### WORK ORDER
Copy out, word for word, the lines from the start of the data below through the line containing "Een schattige vos", and no others.

### ENTRIES PROVIDED
────────────────────
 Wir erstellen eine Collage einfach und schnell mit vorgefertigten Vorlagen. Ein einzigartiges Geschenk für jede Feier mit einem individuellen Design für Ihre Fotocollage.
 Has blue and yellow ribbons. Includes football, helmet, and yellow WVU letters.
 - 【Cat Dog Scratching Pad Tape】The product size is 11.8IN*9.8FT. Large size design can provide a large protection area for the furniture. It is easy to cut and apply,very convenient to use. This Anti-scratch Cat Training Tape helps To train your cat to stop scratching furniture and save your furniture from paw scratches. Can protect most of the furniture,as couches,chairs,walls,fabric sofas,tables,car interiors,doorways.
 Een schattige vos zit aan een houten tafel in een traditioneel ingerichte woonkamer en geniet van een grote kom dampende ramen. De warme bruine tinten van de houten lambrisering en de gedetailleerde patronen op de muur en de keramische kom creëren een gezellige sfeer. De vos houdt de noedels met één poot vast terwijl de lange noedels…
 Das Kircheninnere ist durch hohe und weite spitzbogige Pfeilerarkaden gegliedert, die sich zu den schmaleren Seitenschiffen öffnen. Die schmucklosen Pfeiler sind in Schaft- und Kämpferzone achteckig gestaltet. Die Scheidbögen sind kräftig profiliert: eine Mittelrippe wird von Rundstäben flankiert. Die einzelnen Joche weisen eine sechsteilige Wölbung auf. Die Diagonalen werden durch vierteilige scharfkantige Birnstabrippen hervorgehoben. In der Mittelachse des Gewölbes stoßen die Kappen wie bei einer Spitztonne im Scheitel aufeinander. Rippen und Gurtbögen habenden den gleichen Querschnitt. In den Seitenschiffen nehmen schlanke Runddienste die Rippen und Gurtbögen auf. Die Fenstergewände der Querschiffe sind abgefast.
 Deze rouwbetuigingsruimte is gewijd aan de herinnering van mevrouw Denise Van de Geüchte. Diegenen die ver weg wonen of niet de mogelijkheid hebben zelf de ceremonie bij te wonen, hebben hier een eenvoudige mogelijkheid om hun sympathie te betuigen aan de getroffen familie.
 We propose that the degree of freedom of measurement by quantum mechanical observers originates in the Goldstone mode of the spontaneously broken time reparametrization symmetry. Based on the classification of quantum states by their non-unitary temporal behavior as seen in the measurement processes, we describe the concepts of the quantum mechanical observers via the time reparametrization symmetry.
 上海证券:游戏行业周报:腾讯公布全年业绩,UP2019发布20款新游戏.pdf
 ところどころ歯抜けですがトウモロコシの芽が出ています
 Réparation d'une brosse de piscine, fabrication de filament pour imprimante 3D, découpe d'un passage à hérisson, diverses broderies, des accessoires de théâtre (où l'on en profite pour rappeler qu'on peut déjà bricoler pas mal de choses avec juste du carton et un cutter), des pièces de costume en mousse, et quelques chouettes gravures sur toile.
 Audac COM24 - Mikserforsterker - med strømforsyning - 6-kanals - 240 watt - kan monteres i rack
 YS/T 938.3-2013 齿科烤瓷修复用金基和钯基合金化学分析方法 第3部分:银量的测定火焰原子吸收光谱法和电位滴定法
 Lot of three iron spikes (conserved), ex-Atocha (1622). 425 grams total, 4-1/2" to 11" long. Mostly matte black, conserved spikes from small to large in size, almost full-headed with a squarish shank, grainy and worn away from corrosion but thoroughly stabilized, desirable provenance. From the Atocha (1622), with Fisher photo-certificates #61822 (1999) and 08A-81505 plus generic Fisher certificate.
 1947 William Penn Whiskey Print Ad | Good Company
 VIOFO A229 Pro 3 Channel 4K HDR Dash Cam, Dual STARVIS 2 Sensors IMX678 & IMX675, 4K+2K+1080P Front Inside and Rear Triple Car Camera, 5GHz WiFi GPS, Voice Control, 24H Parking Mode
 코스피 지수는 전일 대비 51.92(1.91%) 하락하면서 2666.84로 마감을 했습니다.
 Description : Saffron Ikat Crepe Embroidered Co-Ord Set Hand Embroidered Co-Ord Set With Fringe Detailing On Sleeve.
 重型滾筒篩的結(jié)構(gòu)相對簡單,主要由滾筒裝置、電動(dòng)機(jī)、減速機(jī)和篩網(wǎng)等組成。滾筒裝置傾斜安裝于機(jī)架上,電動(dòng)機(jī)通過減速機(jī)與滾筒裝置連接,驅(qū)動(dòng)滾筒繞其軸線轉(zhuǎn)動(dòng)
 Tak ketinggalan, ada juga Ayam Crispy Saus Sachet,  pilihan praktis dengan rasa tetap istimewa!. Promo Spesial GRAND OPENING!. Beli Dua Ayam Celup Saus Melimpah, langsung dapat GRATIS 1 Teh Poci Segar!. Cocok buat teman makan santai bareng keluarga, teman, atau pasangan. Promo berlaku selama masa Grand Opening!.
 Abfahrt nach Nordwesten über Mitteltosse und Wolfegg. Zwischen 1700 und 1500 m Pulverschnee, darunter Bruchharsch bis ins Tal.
────────────────────
### WRITTEN RESPONSE
 Wir erstellen eine Collage einfach und schnell mit vorgefertigten Vorlagen. Ein einzigartiges Geschenk für jede Feier mit einem individuellen Design für Ihre Fotocollage.
 Has blue and yellow ribbons. Includes football, helmet, and yellow WVU letters.
 - 【Cat Dog Scratching Pad Tape】The product size is 11.8IN*9.8FT. Large size design can provide a large protection area for the furniture. It is easy to cut and apply,very convenient to use. This Anti-scratch Cat Training Tape helps To train your cat to stop scratching furniture and save your furniture from paw scratches. Can protect most of the furniture,as couches,chairs,walls,fabric sofas,tables,car interiors,doorways.
 Een schattige vos zit aan een houten tafel in een traditioneel ingerichte woonkamer en geniet van een grote kom dampende ramen. De warme bruine tinten van de houten lambrisering en de gedetailleerde patronen op de muur en de keramische kom creëren een gezellige sfeer. De vos houdt de noedels met één poot vast terwijl de lange noedels…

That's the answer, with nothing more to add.